• **Information shown**:
──────────

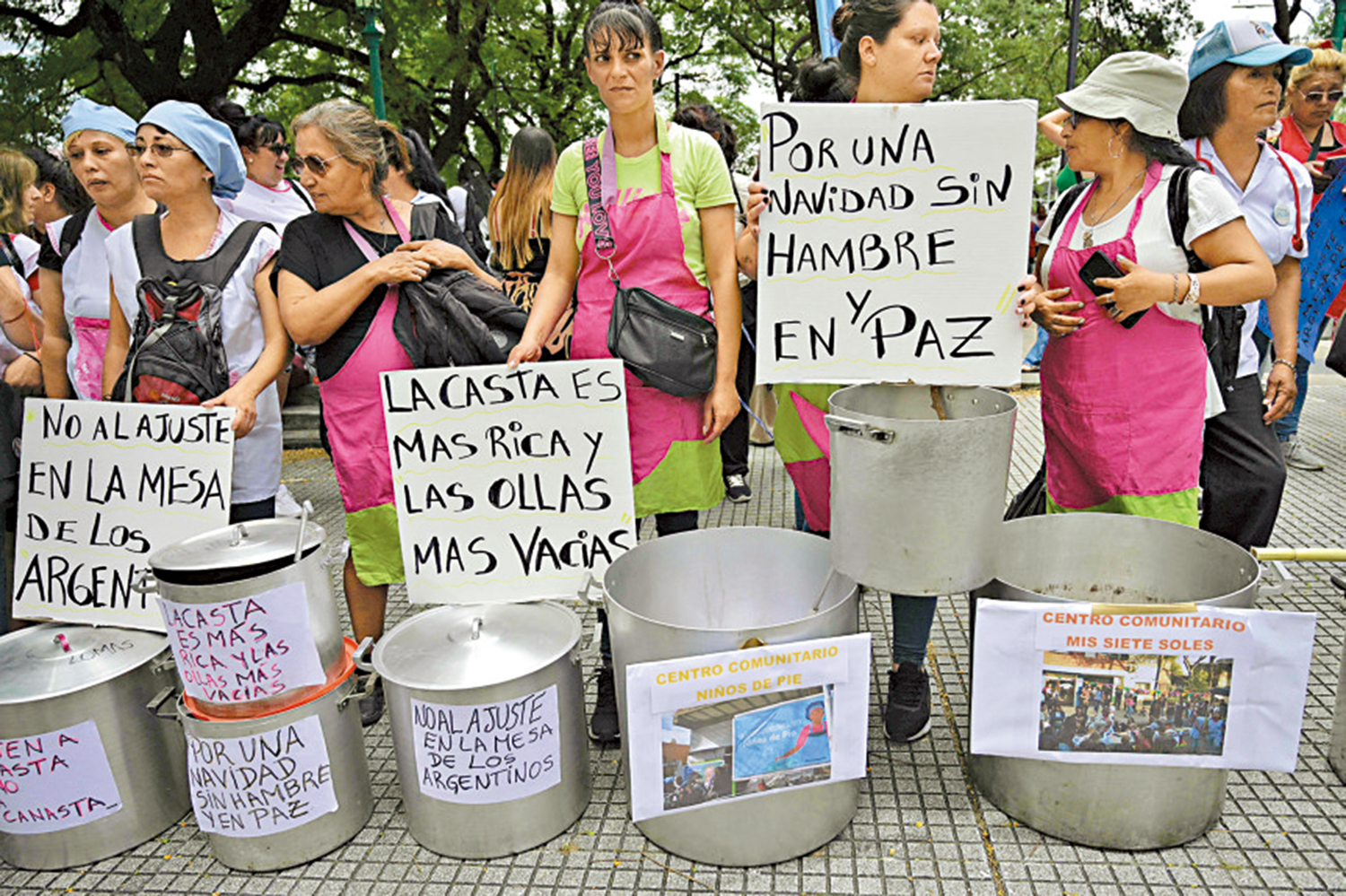 20日,米萊宣布更多改革措施,包括國企私有化、修改勞動法以限制罷工等。同日,數千人走上布宜諾斯艾利斯街頭,敲打着空鍋抗議米萊的經濟政策,並要求新政府為窮人提供更多支持。一名示威者手中的標語牌上寫着:「我們要過一個不餓肚子的聖誕節。」
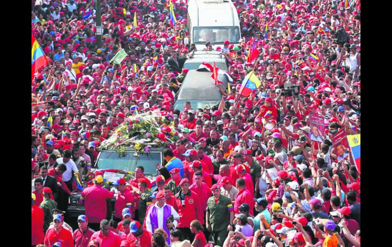 Internacional | El funcionario toma la presidencia provisional luego del fallecimiento de Hugo Chávez Nicolás Maduro ya despacha como presidente interino de Venezuela El primer decreto firmado por Maduro como presidente interino de Venezuela fue decretar siete días de duelo nacional por la muerte de Chávez Por: EL INFORMADOR 7 de marzo de 2013 - 02:30 hs CARACAS, VENEZUELA (07/MAR/2013).- El hasta ahora vicepresidente venezolano, Nicolás Maduro, firmó el martes pasado su primer decreto como presidente encargado tras la muerte del mandatario Hugo Chávez, al ordenar siete días de duelo en el país sudamericano, según la Gaceta Oficial publicada ayer. Este miércoles, miles de sus simpatizantes lo acompañaron en un cortejo fúnebre en Caracas que partió desde el Hospital Militar, donde falleció, hasta la Academia Militar, donde se instaló por tres días una capilla ardiente con sus restos. “Se declaran siete días de Duelo Nacional, entre el 5 y el 11 de marzo de 2013, por el lamentable y penoso fallecimiento e irreparable pérdida del héroe de la patria Hugo Rafael Chávez Frías”, reza el texto estampado con la firma de Maduro. Nicolás Maduro, que se desempeñaba como vicepresidente desde la reelección de Chávez en octubre pasado, asumió la Presidencia amparado en el Artículo 233 de la Constitución venezolana, dijo ayer la procuradora, Cilia Flores. La situación tras la muerte de Chávez es excepcional, pues él no tomó posesión de su tercer mandato el 10 de enero ante la Asamblea Nacional. “En el momento en que él (Chávez) desaparece físicamente inmediatamente y de forma automática se pone en vigencia el Artículo 233 que establece que se encarga el vicepresidente y por un lapso de 30 días se convocará a nuevas elecciones”, que deberán celebrarse en 180 días. El ministro de Comunicación e Información y yerno de Chávez, Ernesto Villegas, aseguró que la Constitución permite que el vicepresidente ejecutivo (hoy presidente interino), Maduro, se lance como candidato en las elecciones presidenciales, dijo al canal de noticias internacional NTN24. Por otra parte, el Presidente de México, Enrique Peña Nieto, viajará hoy a Venezuela a fin de participar mañana en las exequias del mandatario Hugo Chávez Frías. Temas América Latina Venezuela Hugo Chávez Nicolás Maduro Lee También El "próximo premio será la libertad de Venezuela": María Corina Machado Chivas y América empatan en partido amistoso 'Chicharito' marca su primer gol al América en partido amistoso "Chucky" Lozano reconoce que jugaría en Chivas o en América Recibe las últimas noticias en tu e-mail Todo lo que necesitas saber para comenzar tu día Registrarse implica aceptar los Términos y Condiciones
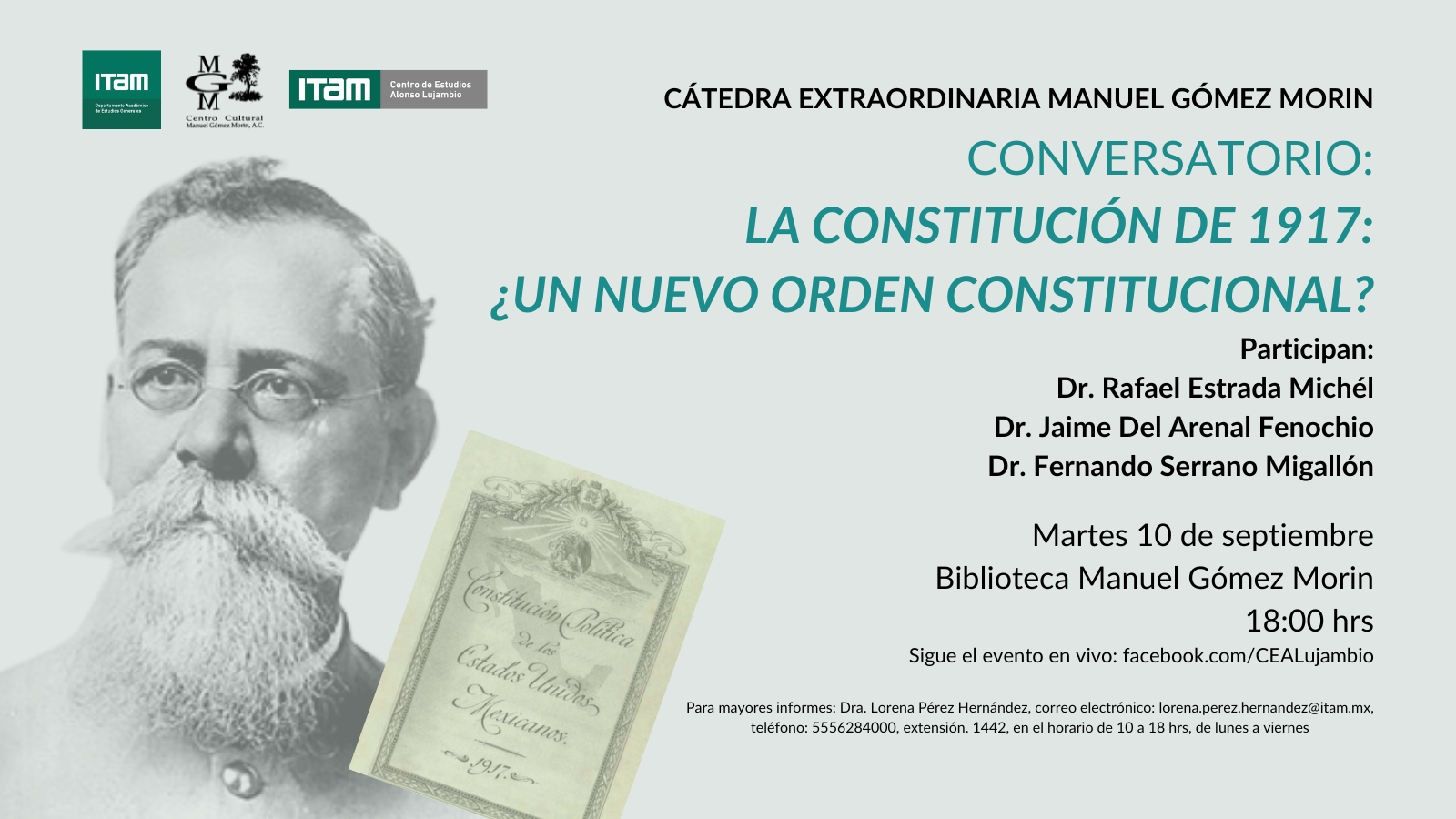 Te invitamos al conversatorio "La Constitución de 1917: ¿un nuevo orden constitucional?". Este evento forma parte de la Cátedra Extraordinaria Manuel Gómez Morin y se llevará a cabo el martes 10 de septiembre a las 18:00 hrs.

──────────

Each line of the listing above should be retyped exactly, with no pictures.

• **Output for this exercise**:
 20日,米萊宣布更多改革措施,包括國企私有化、修改勞動法以限制罷工等。同日,數千人走上布宜諾斯艾利斯街頭,敲打着空鍋抗議米萊的經濟政策,並要求新政府為窮人提供更多支持。一名示威者手中的標語牌上寫着:「我們要過一個不餓肚子的聖誕節。」
 Internacional | El funcionario toma la presidencia provisional luego del fallecimiento de Hugo Chávez Nicolás Maduro ya despacha como presidente interino de Venezuela El primer decreto firmado por Maduro como presidente interino de Venezuela fue decretar siete días de duelo nacional por la muerte de Chávez Por: EL INFORMADOR 7 de marzo de 2013 - 02:30 hs CARACAS, VENEZUELA (07/MAR/2013).- El hasta ahora vicepresidente venezolano, Nicolás Maduro, firmó el martes pasado su primer decreto como presidente encargado tras la muerte del mandatario Hugo Chávez, al ordenar siete días de duelo en el país sudamericano, según la Gaceta Oficial publicada ayer. Este miércoles, miles de sus simpatizantes lo acompañaron en un cortejo fúnebre en Caracas que partió desde el Hospital Militar, donde falleció, hasta la Academia Militar, donde se instaló por tres días una capilla ardiente con sus restos. “Se declaran siete días de Duelo Nacional, entre el 5 y el 11 de marzo de 2013, por el lamentable y penoso fallecimiento e irreparable pérdida del héroe de la patria Hugo Rafael Chávez Frías”, reza el texto estampado con la firma de Maduro. Nicolás Maduro, que se desempeñaba como vicepresidente desde la reelección de Chávez en octubre pasado, asumió la Presidencia amparado en el Artículo 233 de la Constitución venezolana, dijo ayer la procuradora, Cilia Flores. La situación tras la muerte de Chávez es excepcional, pues él no tomó posesión de su tercer mandato el 10 de enero ante la Asamblea Nacional. “En el momento en que él (Chávez) desaparece físicamente inmediatamente y de forma automática se pone en vigencia el Artículo 233 que establece que se encarga el vicepresidente y por un lapso de 30 días se convocará a nuevas elecciones”, que deberán celebrarse en 180 días. El ministro de Comunicación e Información y yerno de Chávez, Ernesto Villegas, aseguró que la Constitución permite que el vicepresidente ejecutivo (hoy presidente interino), Maduro, se lance como candidato en las elecciones presidenciales, dijo al canal de noticias internacional NTN24. Por otra parte, el Presidente de México, Enrique Peña Nieto, viajará hoy a Venezuela a fin de participar mañana en las exequias del mandatario Hugo Chávez Frías. Temas América Latina Venezuela Hugo Chávez Nicolás Maduro Lee También El "próximo premio será la libertad de Venezuela": María Corina Machado Chivas y América empatan en partido amistoso 'Chicharito' marca su primer gol al América en partido amistoso "Chucky" Lozano reconoce que jugaría en Chivas o en América Recibe las últimas noticias en tu e-mail Todo lo que necesitas saber para comenzar tu día Registrarse implica aceptar los Términos y Condiciones
 Te invitamos al conversatorio "La Constitución de 1917: ¿un nuevo orden constitucional?". Este evento forma parte de la Cátedra Extraordinaria Manuel Gómez Morin y se llevará a cabo el martes 10 de septiembre a las 18:00 hrs.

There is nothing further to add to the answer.